Actor Daniel Craig's announcement as Bond met with a protest from fans who organised the website craignotbond.com and urged a boycott. The site, later renamed DanielCraigIsNotBond.com, had been visited over a million times by mid-November 2006 and collected 20,627 signatures on a petition. A portion of the fan base also protested Craig's on-screen consumption of beer rather than a martini.

==Critical assessment==
The media historian James Chapman identifies a divide between the fans of the Bond films and those who focus on the Fleming books. He quotes oppositional views. Anthony Burgess wrote that "It is time for aficionados of the films to get back to the books and admire their quality as literature" and the authors of a fan history wrote that "We seek to reclaim Bond from the humourless Fleming pedants who view Bond as fixed, immutable, an unalterable period antiquity." Another divide is identified by Mark Duffett, who sees the books' readership as a function of the expectations they had already acquired; some approached them as romance novels and others as spy thrillers.
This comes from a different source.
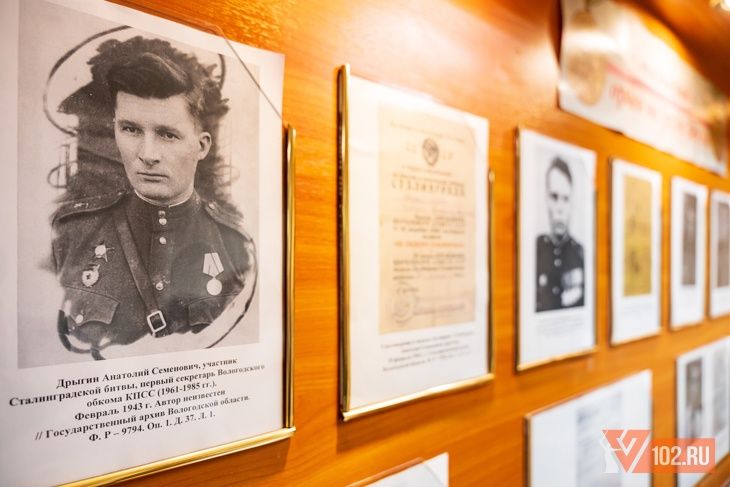 Также на стендах размещены документы о ещё одном бойце – Василии Андрианове. Он рано лишился родителей и воспитывался в детском доме Вологды. В июне 1941 года был мобилизован в красную армию, а с января 1942 по 1945 годы работал в газете «Сталинградский удар». Вместе с рядовыми бойцами 65-й армии прошёл от Волги до немецкого побережья Балтики. За боевые заслуги награждён орденами Отечественной войны, Красной звезды, Отечественной войны 1 степени, Красной Звезды, Знаком Почета, медалями «За боевые заслуги», «За оборону Сталинграда», «За взятие Варшавы», «За победу над Германией в Великой Отечественной войне 1941-1945».
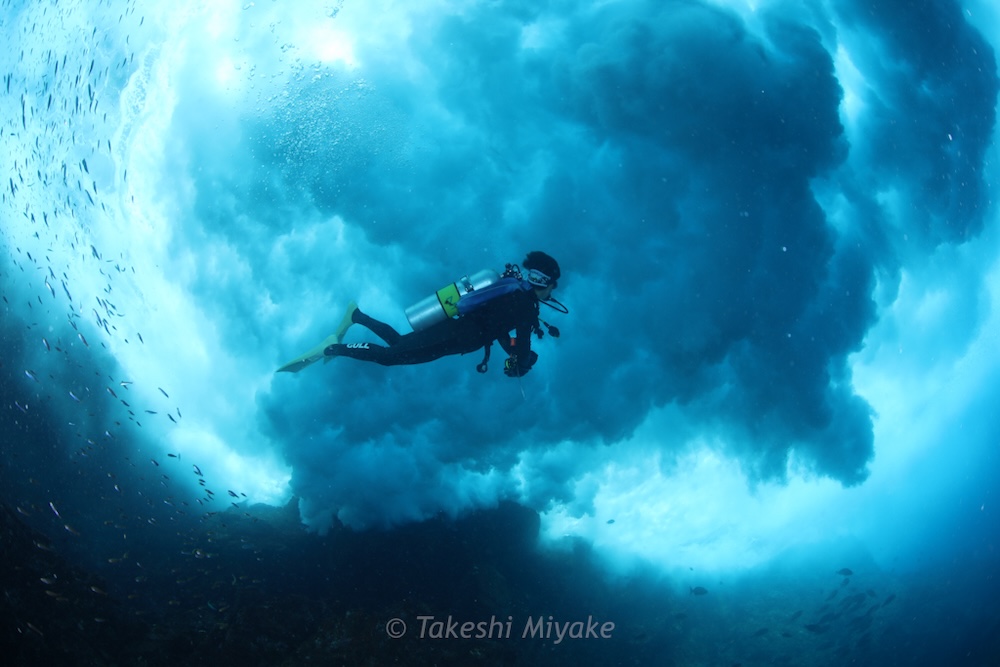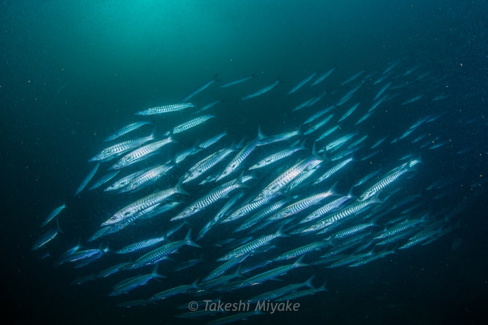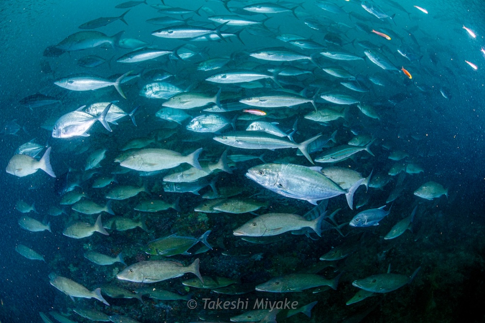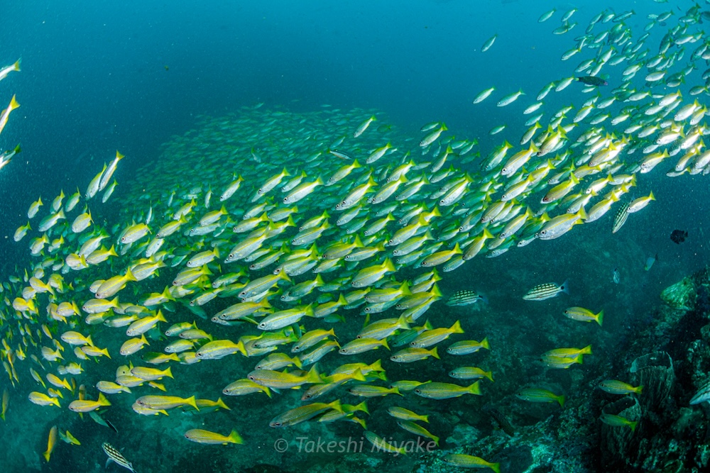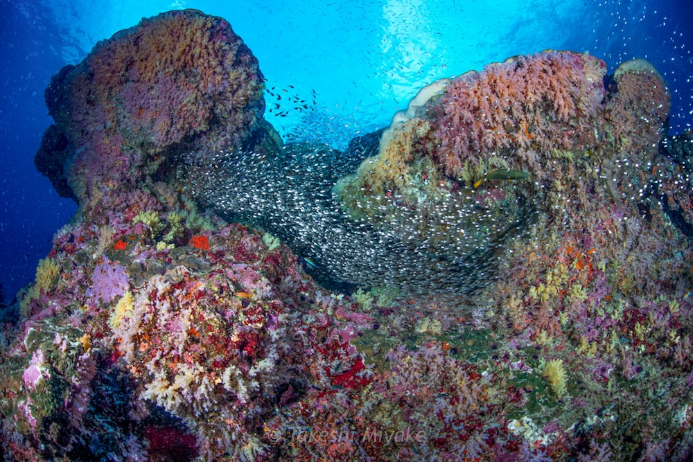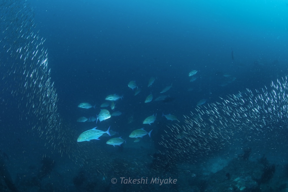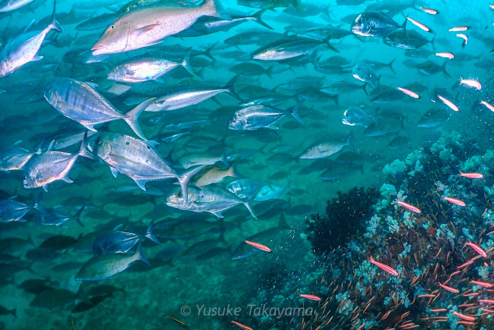 Schools of glassfish hugged the rock seeking protection from the surge, whilst huge schools of predators circled close by, extremely active. My divers were only a few metres away, but I lost them many times in the maelstrom of fish! It often went dark as massive schools swam overhead. When there was respite from all the action, octopus, cuttlefish, and some industrious harlequin shrimp entertained us too.

Stijn Reijnders discusses the phenomenon of the 'Bond pilgrimage', which he classifies as a media pilgrimage. The participants, who he describes as 'overwhelmingly white, middle-aged, heterosexual men,' visit Bond film shooting locations and recount their experiences in detail. Some contribute to Bond fan websites.

The introduction to Ian Fleming & James Bond: The Cultural Politics of 007 considers the question of whether cultural studies of Bond are only a 'glorified form of fandom' and a guilty pleasure on the part of academics, and concludes that they are not.